СТАЛИНСКАЯ ПРЕМИЯ — ЗА ОВЧИНУ

— А с ней как складывалось — удачно?

— Любые изменения происходят непросто. Мы постепенно увеличили долю мутоновых изделий до 55 тысяч в год. Все остальные виды продукции сокращали. Сейчас, например, мы и 300 детских шубок в год не шьем — малыши перешли на пуховики. Жизненный цикл взрослых мутоновых шуб тоже на исходе: их продажи упали за 10 лет в 25 раз.

— А ведь это был ваш главный конек и хит советских времен!

— Да. Мутон в России создали мы в 1953 году. Работники предприятия за производство облагороженной овчины получили Сталинскую премию. Что делать? Пришлось менять ассортимент — взяться за дубленки.

— При их изготовлении тоже используется овчина?
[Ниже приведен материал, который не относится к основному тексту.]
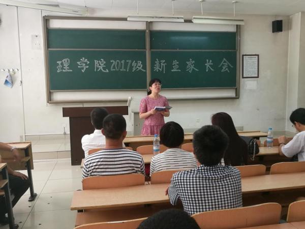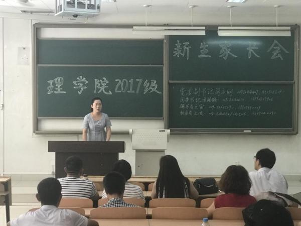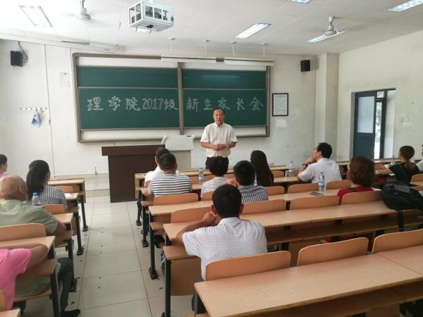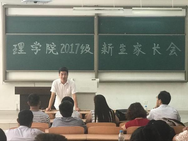 2017年8月24日10:00,理学院在明远1105教室举行2017级新生家长会,院党委书记姜洪、党委副书记闫永刚、副院长商泽进、辅导员王宙、17级力学班主任袁振圣出席了会仪,党委副书记闫永刚主持会议。

— Овчина, но другая. Турецкие дубленки шьют из австралийской меховой овчины — у нее рыхлая кожевая ткань. А мы используем более плотную шубную овчину. Дубленка получается теплее и держит форму. Ее можно сдавать в химчистку, а с турецкими это проблема.

— Овчиной обеспечивала республика?

— Из Татарстана мы получали всего 1 - 2 процента от требуемого объема. По миллиону шкур нам отгружали Киргизия и Казахстан, еще около 2 миллионов — Северный Кавказ, Калмыкия. Волгоградская, Саратовская и Читинская области. Там были основные отары. Причем это была тонкорунная овчина — раньше занимались селекцией. Постепенно мы стали увеличивать долю пушнины. Сейчас на нее приходится около 98 процентов всего производства.

«Секреты технологии у наших специалистов находятся на кончиках пальцев»
«Секреты технологии у наших специалистов находятся на кончиках пальцев»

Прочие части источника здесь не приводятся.